Zhupanovsky erupts sending a plume of ash more than 7 km a.s.l., Russia

Zhupanovsky erupts sending a plume of ash more than 7 km a.s.l., Russia

Zhupanovsky volcano, Kamchatka, Russia erupted on January 19, 2016, after almost two months of being relatively calm. The explosion sent a plume of ash more than 7 km (22 966 feet) above the sea level, KVERT reported.

The ash explosion was observed at 04:36 UTC, between Avachinsky and Koryaksky volcanoes, according to visual data from Institute of Volcanology and Seismology Far East Division of the Russian Academy of Sciences (IVS FED RAS). A height of ash plume was estimated between 7 and 8 km (22 966 and 26 246.7 feet) above the sea level.

Ash drifted 20 km (12 miles) eastward. According to volcanologists, the ash column could be seen with a naked eye from Petropavlovsk-Kamchatsky and other nearby settlements.

MODIS sensor heat sources last 7 days Image credit: University of Hawaiʻi

KVERT reported moderate explosive eruption continues, and ash explosions up to 6-8 km (19 700-26 240 feet) could happen at any time. The volcanic activity could affect international and low-flying aircrafts in the region, and an orange level aviation alert was issued signalizing volcano is exhibiting heightened unrest with increased likelihood of an eruption.
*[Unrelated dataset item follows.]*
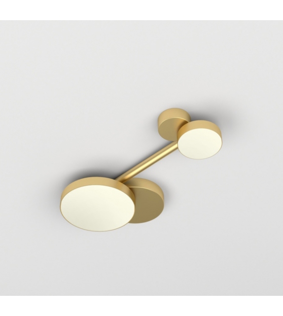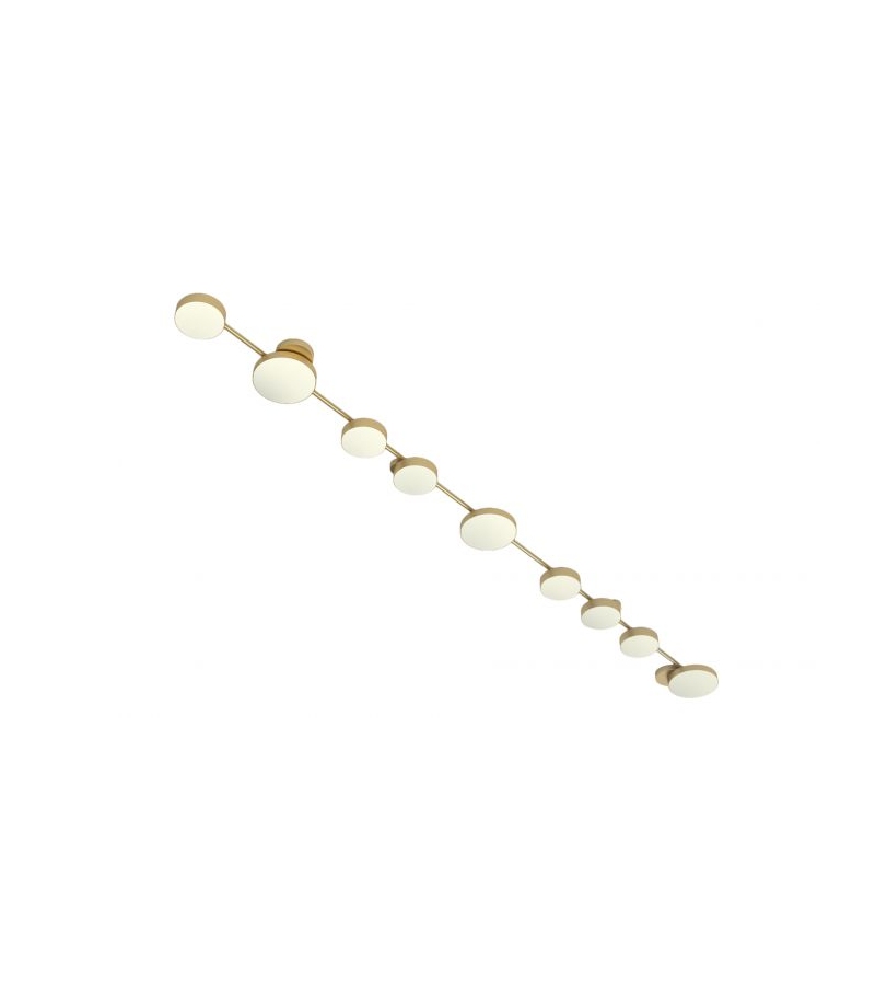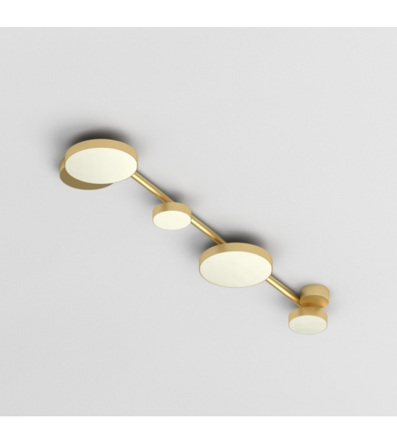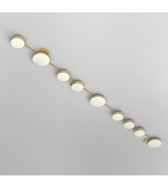Line Discs conçu par Atelier Areti est un plafonnier avec structure en laiton brossé et diffuseur en acrylique blanc. Disponible en différents modèles.

Zhupanovsky volcano entered a period of heightened activity on June 6, 2014, with an eruption sending ash plumes up to 6 km (19 900 feet a.s.l, according to Tokyo VAAC and UHPP notices. The Aviation Color Code was raised to yellow on the occasion. Satellite images on June 9 revealed ash plumes rising to altitudes of 3-4 km (9 800-13 100 feet) a.s.l. and drifting 60 km (37.3 miles) E.

Zhupanovsky volcano eruption plume, November 30, 2015. Image credit: Ирина Юркова via Facebook

Based on satellite images, KVERT reported that on November 28, 2015, ash plumes from Zhupanovsky rose to altitudes of 5-6 km (16 400-19 700 feet) above the sea level and drifted 285 km (177 miles) E. The Aviation Color Code was raised to Orange on the occasion. IVS FED RAS observed an ash explosion at 03:56 UTC on December 1 and the Tokyo VAAC reported that the resulting ash plume rose to an altitude of 9 km (29 500 ft) a.s.l. and drifted 60 km (37.3 miles) SE.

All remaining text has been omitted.